Now, for those of you who are completely unfamiliar with cars, there are a few things you should know.

A - Both front tires are in need of air and worn enough that you could grate Parmesan on them. They are not supposed to look like that. Especially not when you are driving in a Minnesota winter.

B - Brakes are not supposed to sound like someone tossed a pig and a bunch of rocks into a blender.

C - Brakes should be able to stop a car going 3 miles an hour in under ten feet. Fortunately, our mechanic has reflexes slightly better than those possessed by the average snail and managed to get out of the way, and the rear bay door was still open. (may not have been entirely the fault of the brakes)
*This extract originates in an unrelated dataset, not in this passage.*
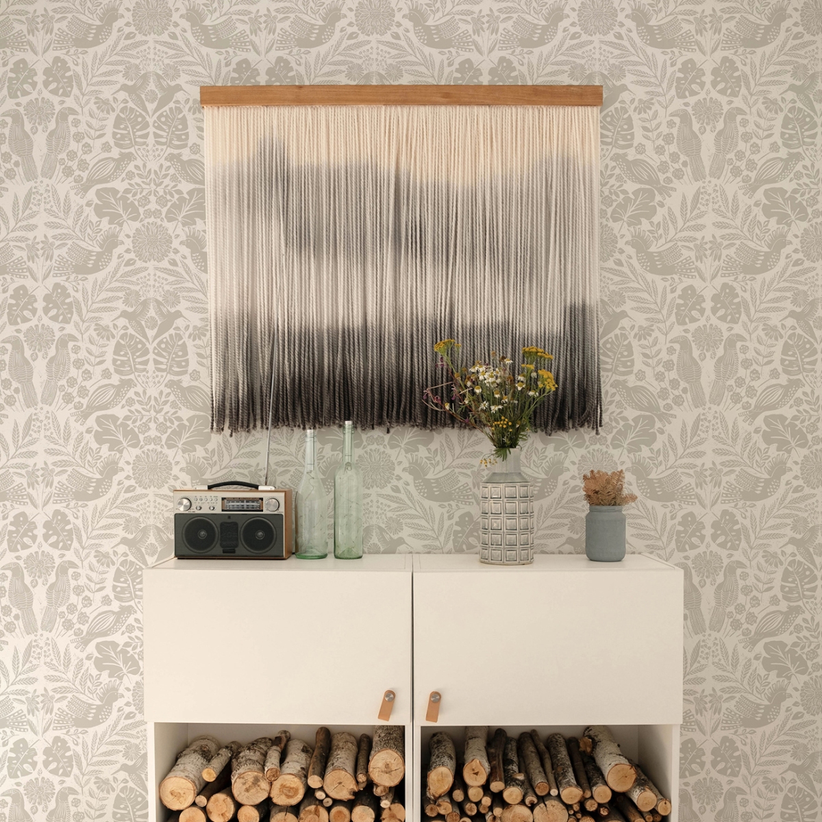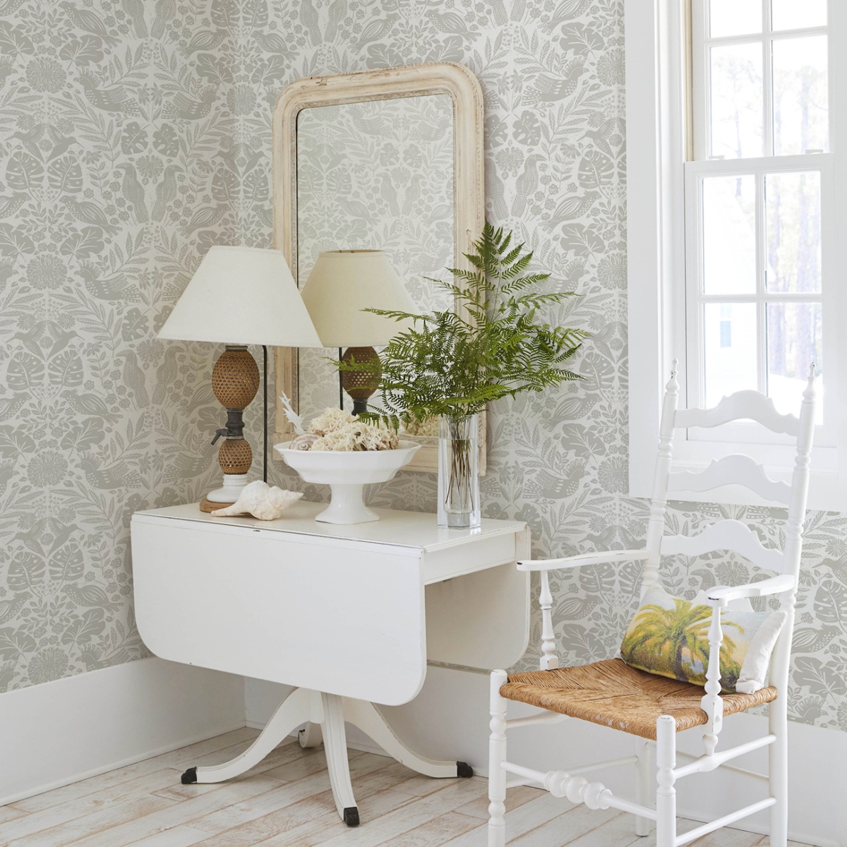 Любители птиц, ликуйте! На этих игривых дамасковых обоях изображена разнообразная тропическая стая, расположившаяся среди пышной листвы. Детали напечатаны светло-серым цветом на белом фоне.

D - Windshields are designed so that one may see out of them. As such it is the generally accepted practice to remove mud and ice from them before putting the vehicle into motion.

E - It is customary to change oil every 3,000 miles and transmission fluid every 30,000. Confusing the two is NOT good for your vehicle.

F - The stuff coming out of your exhaust pipe should be neither black nor billowing.

G - It is only customary to start one's car by rubbing two wires together in Detroit.

H - Two lug nuts is not considered sufficient to hold a tire on

I - One is supposed to register one's vehicle every year, not every century.


He was absolutely furious when we refused to service his vehicle. Fortunately, he argued long enough that we invited Mr. Police Officer to join the argument. Mr. Police Officer and his buddy, Mr. Handcuffs, won the argument.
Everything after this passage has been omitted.